Zopa, Nutmeg, Transferwise could have been built by banks. But they were not.

> Instant, Free transfers, including from one bank to another. Even on weekends & holidays.

- Paypal in 1999?

> APIs currently available (under the UK open banking government guidelines)

Yodlee supplies APIs already.

> they already have roughly £15k in the bank from Acq Bank revenue from Mastercard.

Really? Mondo are currently paying for the prepaid cards, and more to load them through the app. This is probably around 2% ? So 20k cost for this? Maybe I am wrong, but I can't see how else the card gets loaded by a free payment.

You are right, the barclays accelerator is great. And similar incubators and schemes are opening up.

I still think it's pretty clear that innovation is coming from the outside.


>- Paypal in 1999?

Whaaa? The paypal-to-paypal part is instant. Getting the money into a US bank account usually is not. It's still the case in the US that there is no easy and reliable way to instantly get money that's in your account to appear in your friend's account. (There are some instant transfer services, but they don't work between any two US bank accounts.)


- Paypal in 1999?

Didn't know they were free in 1999. It doesn't look like banks will start charging for transfers though, it's certainly not free to get customers. It can also be withdrawn as cash immediately as its received ;), even today Paypal takes a bit of time to withdraw outside of the UK.

> Nutmeg

Not easy to do as it has to be a seperate entity. Im working on a startup like Nutmeg. Also the 2008 landscape changes in what Banks want to be makes them avoid this space. Investments are a bit investment bankingey for the ordinary person.

> Transferwise

These eat into their margins, why would they do that? They already have customers willing to pay more. Transferwise can't get everyone as an audience that most banks serve, though it will get some of them.

> Zopa

Banks are apparently participating in these marketplaces. Granted they haven't created any marketplaces, though.

> Yodlee supplies APIs already

The bank's API allows transfers, takes 1 second and doesn't need a username or password. No need for those token things either. Yodlee's big problem is they screen scrape (or use the banking api the bank provides which you can get without paying) and it can take up to 5 mins to do this.

They use OAuth so its like the 'login with facebook' type authentication where the authentication is delegated back to the bank.

Banks do innovate but they're interested in things that improve banking and focusing on that. They're not interested in the old pre 2008 model of banking.

Yeah thinking about the 1.5% fee thing they probably don't have that because its routed through Wirecard (German firm) and they've just put mondo branding on it.

I hardly think the banks are slow. I've lived in Australia, South Africa & Canada. By any measure the UK banks (except a few) are really quick in adapting to change. If ours are slow the ones there are Glacial.

I guess if you look at Fintech in breadth, the big players aren't interested in doing everything, just a handful of small things really well and very profitably. It's a bit harsh to say they're not doing enough faster by judging them against non banking startups.

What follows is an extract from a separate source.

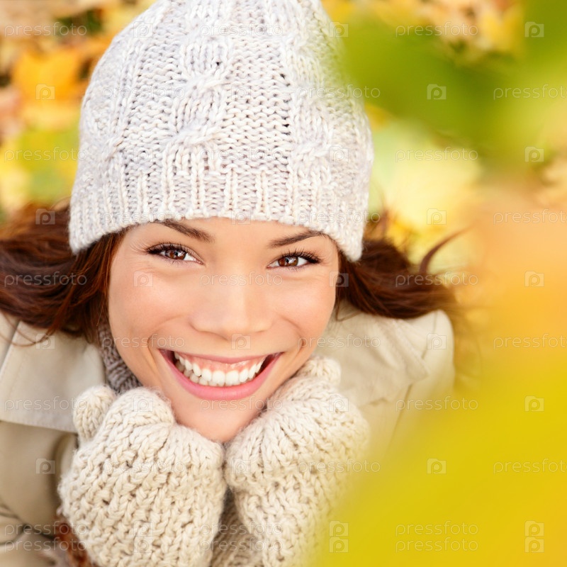 Счастливая женщина в осеннем парке

I guess it seems like alot of these services are unbundling banks but it's just a handful like Transferwise. The 'core' banking features are hard to unbundle. I guess P2P lending is sort of a unbundle in a way but its at a different vertical.

To put it another way I guess: What are UK banks missing that is available elsewhere that would improve banking services (besides customer support), or even more generally?

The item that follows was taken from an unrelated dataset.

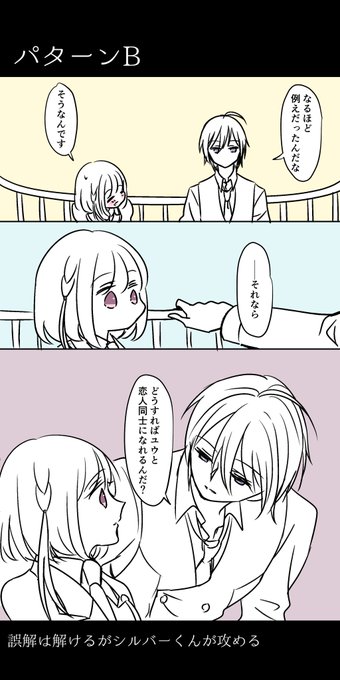 シル監なんですが 続きの展開をいくつか思いついたので あげますね ABどっちも楽しく展開していきそうで悩みました どっちの展開が好みですか?と乃ごときが皆様にアンケートをとりそうになりました 思い直し、パターンCでいくことにしました んんんでもパターンAも捨て難い #twstプラス

Monese isn't a bank and neither is FFREES (they say so on their website)

> https://register.fca.org.uk/ShPo_firmdetailsPage?id=001b0000...

Mondo will offer banking services (lending via OD)

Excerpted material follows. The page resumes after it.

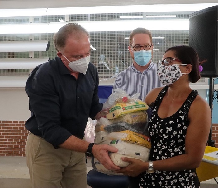 A ação marca o início da distribuição das cestas por conta da suspensão das aulas presenciais.
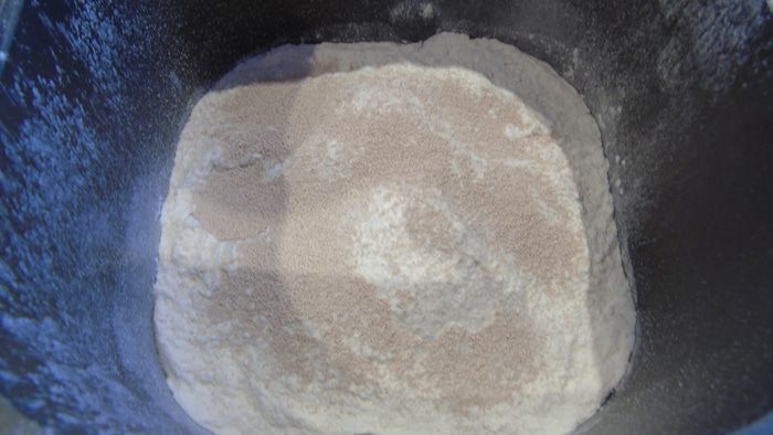 Всыпаем муку, сахар, соль, сухое молоко и дрожжи. Включаем режим замеса теста. Если же замес вручную, то месите до гладкости, чтоб тесто легко отходило от рук. Даем тесту 1 ча, чтобы подойти.

This is disingenuous, these aren't banks just UI.

They won't have a single branch either, unlike these others (or their parents). Apart from Atom they're the only ones like this.

Monese and FFREES aren't even banks by definition either.

I've been following Mondo for ages the only true bank like it is Atom & Starling. Starling isn't exactly in the same category though. Someone made a graphic to show the differences. Not sure if I can find that.